#### Data for analysis ####
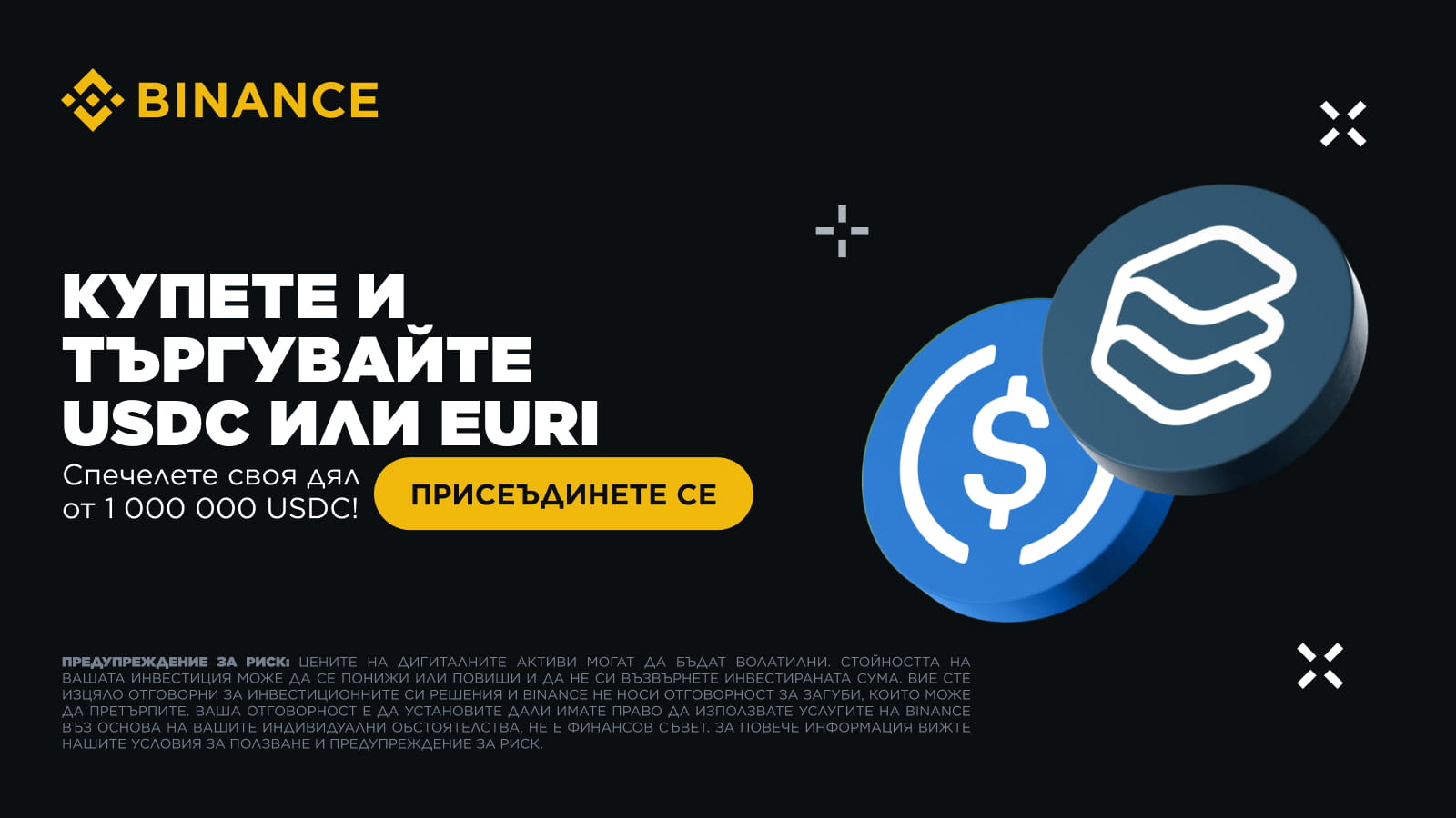 *Новите потребители в Промоция А се отнася за потребители, които не са купували USDC или EURI преди 27.02.2025 г. в 16:00 ч. (UTC).
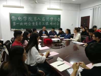 10月24日晚七点,物电学院团总支在6205会议室召开第八届团学分会第一次全体干部干事例会暨青马工程培训会。物电学院团总支书记张恒道、第八届团学分会全体委员和干事参加了此次会议。
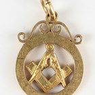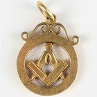 A gold Masonic pendant fob of circular form, pierced with a square compass, detailed '18ct', weight 5.5g, diameter 1.7cm.
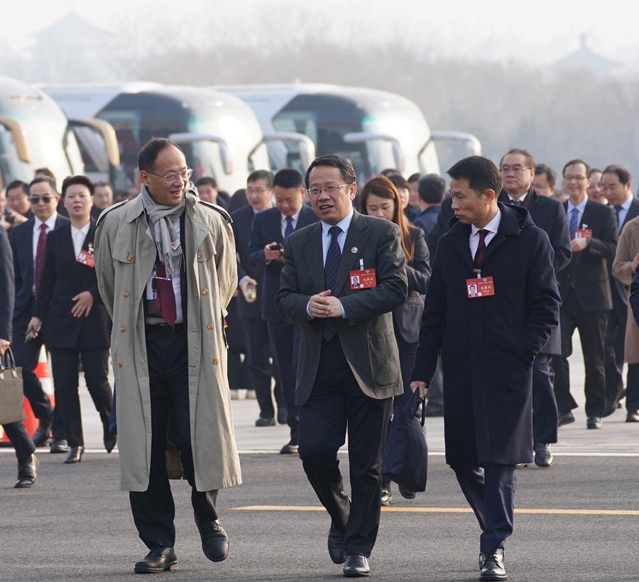 3月7日,全国政协十四届二次会议在北京人民大会堂举行第二次全体会议。这是全国政协委员走向会场。
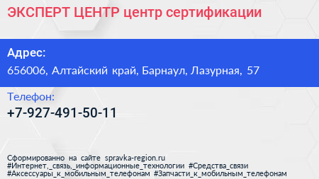 ЭКСПЕРТ ЦЕНТР, центр сертификации по адресу 656006, Алтайский край, Барнаул, Лазурная, 57 в дальнейшем Организация, размещена в следующих категориях:
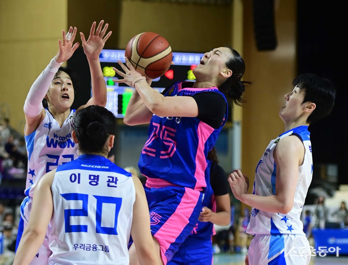 14일 경기도 용인실내체육관에서 열린 ‘우리은행 우리WON 2023-2024 여자프로농구’ 4강 플레이오프 3차전 용인 삼성생명과 아산 우리은행의 경기에서 삼성생명 배혜윤이 우리은행 수비 사이에서 슛을 하고 있다.
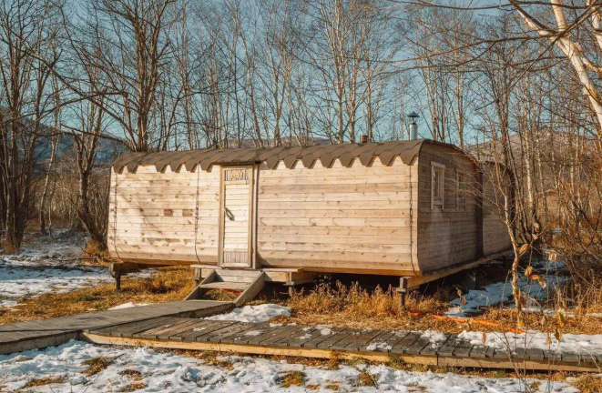 - Чан размещён в уединённой зоне, в окружении леса и свежего воздуха. Вечером – под звёздами. Утром – с видом на туманную Камчатку.
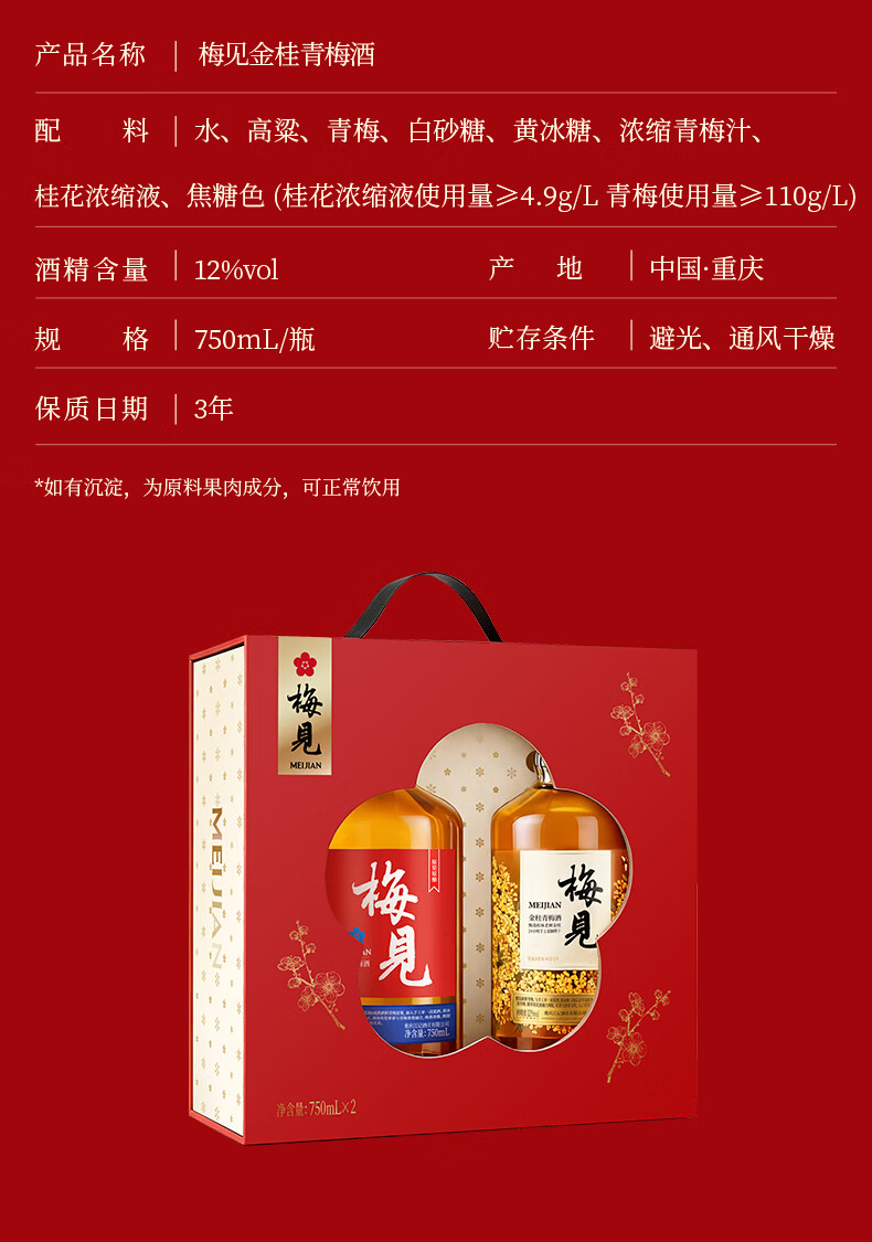 梅见新年礼盒12度750ml*2低度青梅酒果酒节日送礼 伴手礼 果酒新年礼盒
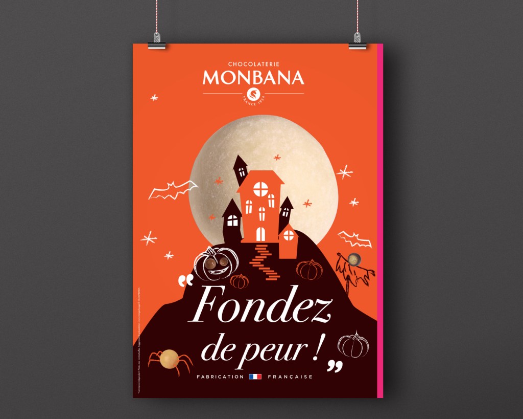 Conception et création de la charte graphique d’Halloween 2019 pour la Chocolaterie MONBANA, de l’ensemble des supports de communication aux packagings.
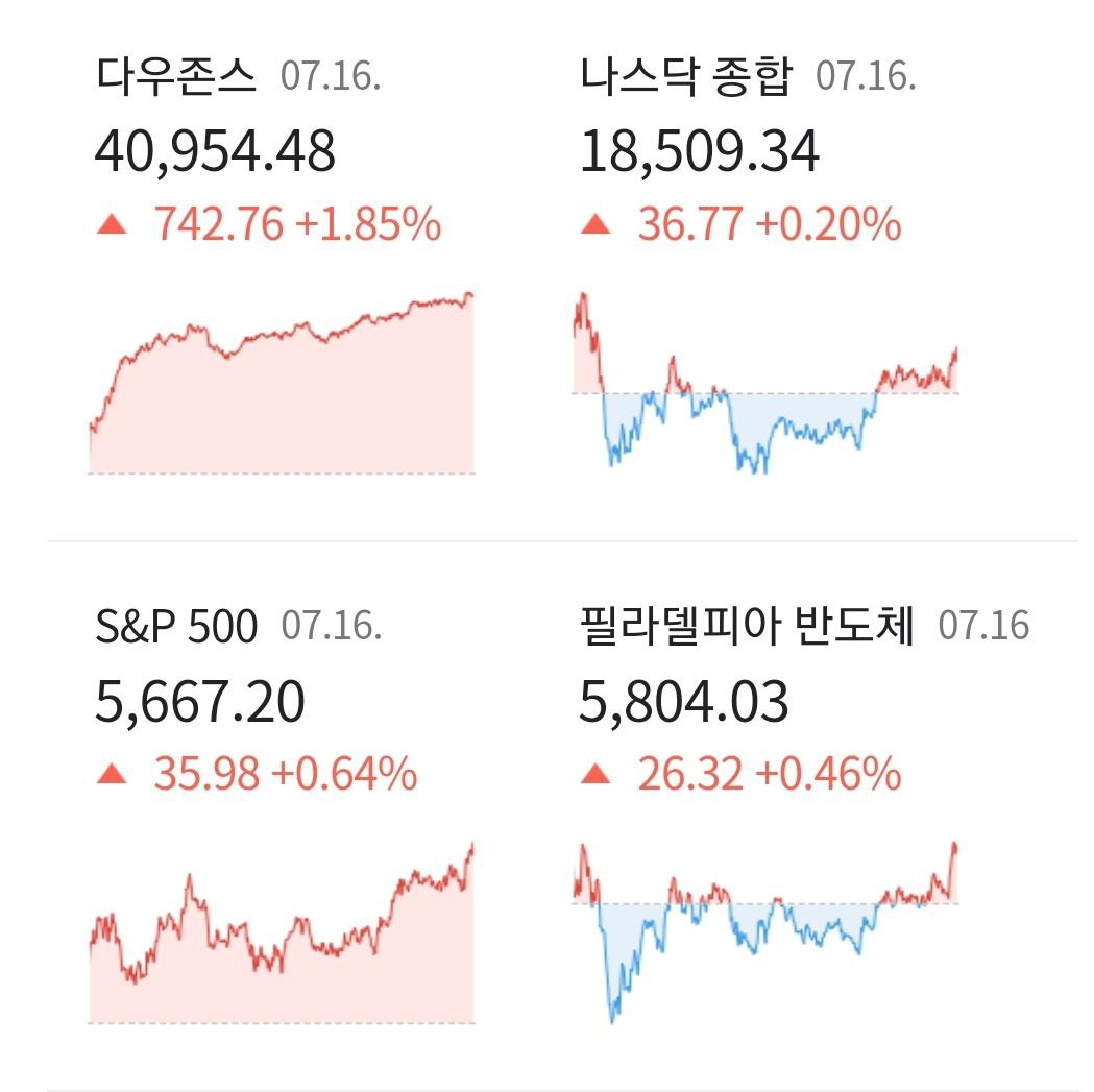 - 금리 인하 기대감으로 인한 중소형주 랠리로 3대 지수 상승마감(07/16/24)
####
__What the task requires__: Only the lines starting at the one that includes "10月24日晚七点,物电学院" and ending at the one that includes "3月7日,全国政协十四届二次" should be retyped, exactly, from the records above; no pictures.

__Answer to the problem__:
 10月24日晚七点,物电学院团总支在6205会议室召开第八届团学分会第一次全体干部干事例会暨青马工程培训会。物电学院团总支书记张恒道、第八届团学分会全体委员和干事参加了此次会议。
 A gold Masonic pendant fob of circular form, pierced with a square compass, detailed '18ct', weight 5.5g, diameter 1.7cm.
 3月7日,全国政协十四届二次会议在北京人民大会堂举行第二次全体会议。这是全国政协委员走向会场。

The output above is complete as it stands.